By comparison, the Slovak Republic has yet to issue a declaration on minorities or a law determining their position, or even, as we have seen, a law guiding use of their native language. Also lacking is a ministry or any kind ministerial institution for minorities, or even any type of council composed from their representatives. Again, by contrast, the new South-African constitution has introduced four state institutions promoting and protecting human rights, including an ombudsman, a Commission for Human Rights, a Commission for Promotion and Protection of Rights of Cultural, Religious and Linguistic Communities, and a Commission for Sexual Equality (Protea  1997, p. 2).

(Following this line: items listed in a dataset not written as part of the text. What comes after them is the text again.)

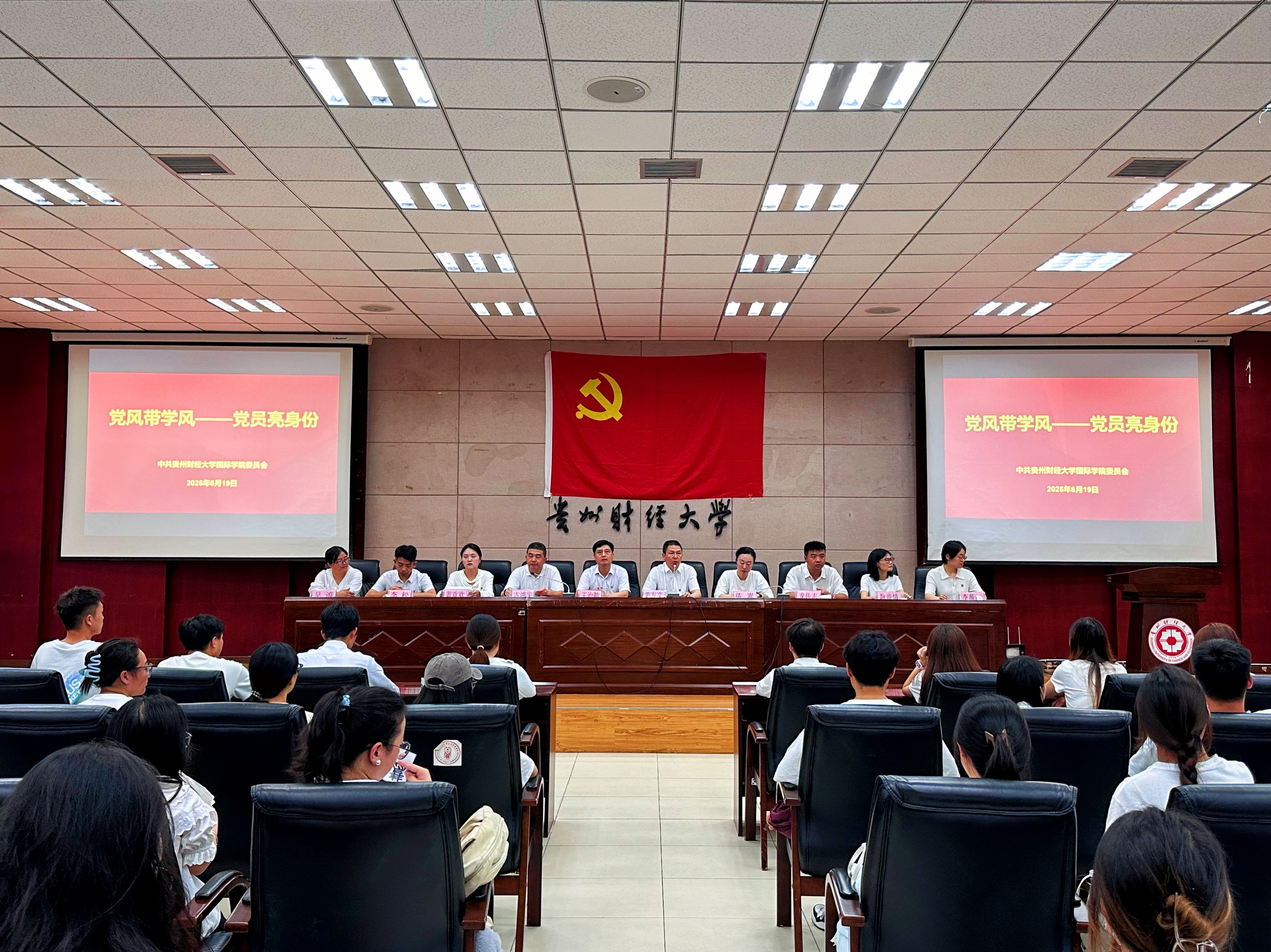 (2026世界杯预测 唐芯兰 报道|摄影 罗紫晗 张誉敬)为切实强化考风考纪,筑牢学风建设,引导员工遵规守纪。6月19日中午,2026世界杯预测在正德楼114报告厅开展“党风带学风——党员亮身份”活动。国际公司党委书记王治航、党委副书记、经理姜友文,党委副书记古鸿宇、陈嵩,各党支部书记出席。公司184名师生党员参加。活动由古鸿宇主持。
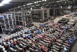 Una vez finalizado el operativo se consigue lugar en el corralón para depositar más motos. Guillermo Di Salvatore.
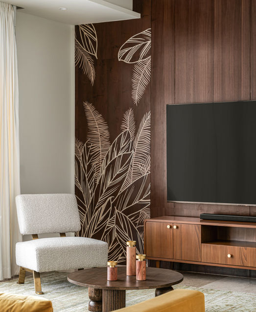 As you explore the home further, the study room seamlessly blends old-school charm with a touch of modernism and tranquil ambience facing the pool. The shelves and cabinets are adorned in a deep, timeless Oxford blue, setting a classic backdrop that exudes a sense of depth and sophistication. A whimsical kids' bedroom where the serene charm of pastel green meets boho-inspired details, creating a cosy and personalised space. This room is designed to delight with its unique elements and thoughtful customisation tailored to meet storage needs, the drawers are cleverly integrated into the room's layout, with pull-out vertical drawers that are flush with the unit. For the master bedroom, we worked with dark woods and powdered blue colour scheme with a customised chinoiserie wallpaper. Arches were a prominent feature that added character to the space. We kept the language going through the furniture structures. A cosy guest bedroom with rattan elements and a mauve sloped ceiling was a delight. The media room was transformed with a unified, curved ceiling finished in bold green.
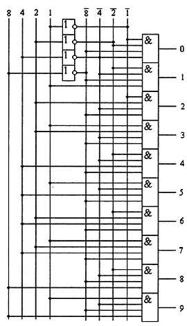 Рис. 2.16. Принципиальная схема дешифратора 4x10

Slovakia's Constitution also lags many other transitional states in devising protective mechanisms. Indeed, there are no protective institutional mechanisms provided by the Slovak constitution. The existing governmental Committee for Minorities is only an advisory organ for the government and has absolutely no power. Moreover, representatives of minorities are a minority in the organization. They can always be outvoted. Hungarian representatives stopped participating on the committee in February 1997.

One important institution for the protection of human rights present in some of Slovakia's neighbors is the ombudsman. The ombudsman is a special institution created in Sweden for the protection of human rights. The institution has spread in the West since the 1950's and now exists in more then 60 countries throughout the world (Chalupová 1993, p. 9). "Ombudsman ...supposes that a citizen is an equivalent partner of the state organ, he is even in some sense his customer and the task of the state apparatus is to serve the citizen (as it is paid from his taxes). Ombudsman can help build this concept of the state apparatus. Ombudsman can demand goodwill [towards] the citizen from all decisive organs and this helps create social consensus and takes the edge off of the citizen's dissatisfaction" (Chalupová 1993, p. 9).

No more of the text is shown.